Sounds good of bread diet. I have read couple of magazines which consider that eating carbohydrates, especially grains cause of weight gain. That's why avoid those foods which consists carbohydrates.

Perovskia said...

Buy a whole loaf and eat it daily? Ack!

I'm one of the ones guilty of 'demonizing' gluten; I'm gluten-intolerant, not allergic (Celiac). It's been suggested that I'm reacting to the additives in flour, not the flour itself and that I should try organic instead. To be fair, we really have industrialized flour (and everything else) the last 30 years). Perhaps that's a whole other discussion.

Bix said...

I have to say, I said, "Ack" too.

I see what he's getting at, that a low-calorie, high-fiber (and I should add, inexpensive) food product could assist weight loss by filling you up, and by displacing other less healthy options. I'd probably go for potatoes, sweet potatoes, beans, rice, and other less-processed goods.

Bix said...

One thing I like about Dr. McDougall is that he seems sensitive to food cost and access. Low-carb, Paleo, high-protein, Atkins-type diets are expensive and non-factory-farmed items are hard to find for many people.

Bix said...

And ... Animal foods are some of the best sources of fat-soluble pesticides, pollutants, and other toxins in the human diet.

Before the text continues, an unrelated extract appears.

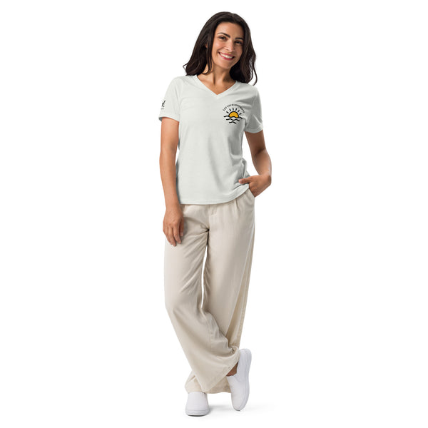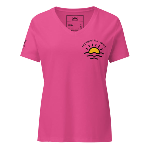 Let your light shine in ultimate comfort with this women’s V-neck t-shirt. Its soft fabric and relaxed fit make it ideal for a polished everyday look, with the V-neck adding a touch of style.

These chemicals are implicated in diseases of inflammation... such as diabetes, atherosclerosis, heart disease and arthritis.

So a starch diet is beneficial in numerous ways.

Bix said...

But I still think that a diet that includes some animal food is better than a diet that includes no animal food.

Stephanius said...

may I bring your attention to a recent study published in Cardiology Research and Practice (an open source Journal) Volume 2011,Article ID 679187 "Sociodemographic and Lifestyle Statistics of Oldest Old People (>80 Years) Living in Ikaria Island: The Ikaria Study.
It is worth downloading and commenting on the very important findings.
The majority of the oldest old participants reported daily physical activities, healthy eating habits, avoidance of smoking,
frequent socializing, mid-day naps and extremely low rates of depression. Conclusion. Modifiable risk factors, such as physical
activity, diet, smoking cessation and mid-day naps, might depict the “secrets” of the long-livers.
Ikaria, a small Aegean island has recently joined the Blue Zone along with Sardinia in Italy, Okinawa in Japan, Loma Linda in California and Nicoya
Peninsula in Costa Rica.
And a small correction on the previous post about the name of the world renown lipidologist Artemis Simopoulos not Simopoulis.

Bix said...

Thanks for the correction!

Bix said...

Modifiable risk factors, yes. The spate of them ... all so important!

I think of health, at any given time, as the figure on the right side of the equal sign in an equation. On the left side are all the factors ... raised to a power, multiplied by constants, etc. ... acting at once to produce that figure.

Dr. Mel said...

I love bread. Not the "wonder bread" sort, but really hearty breads of any sort--whole wheat, white sourdough, rye grain (the flattened sort that's all grain), cornbread, you name it. I don't think it's necessarily bad for you as long as you aren't allergic. And you don't load it up w/ a lot of fatty spreads. My life would be the poorer w/o bread and cheese. I think they eat that a lot in Sardinia too!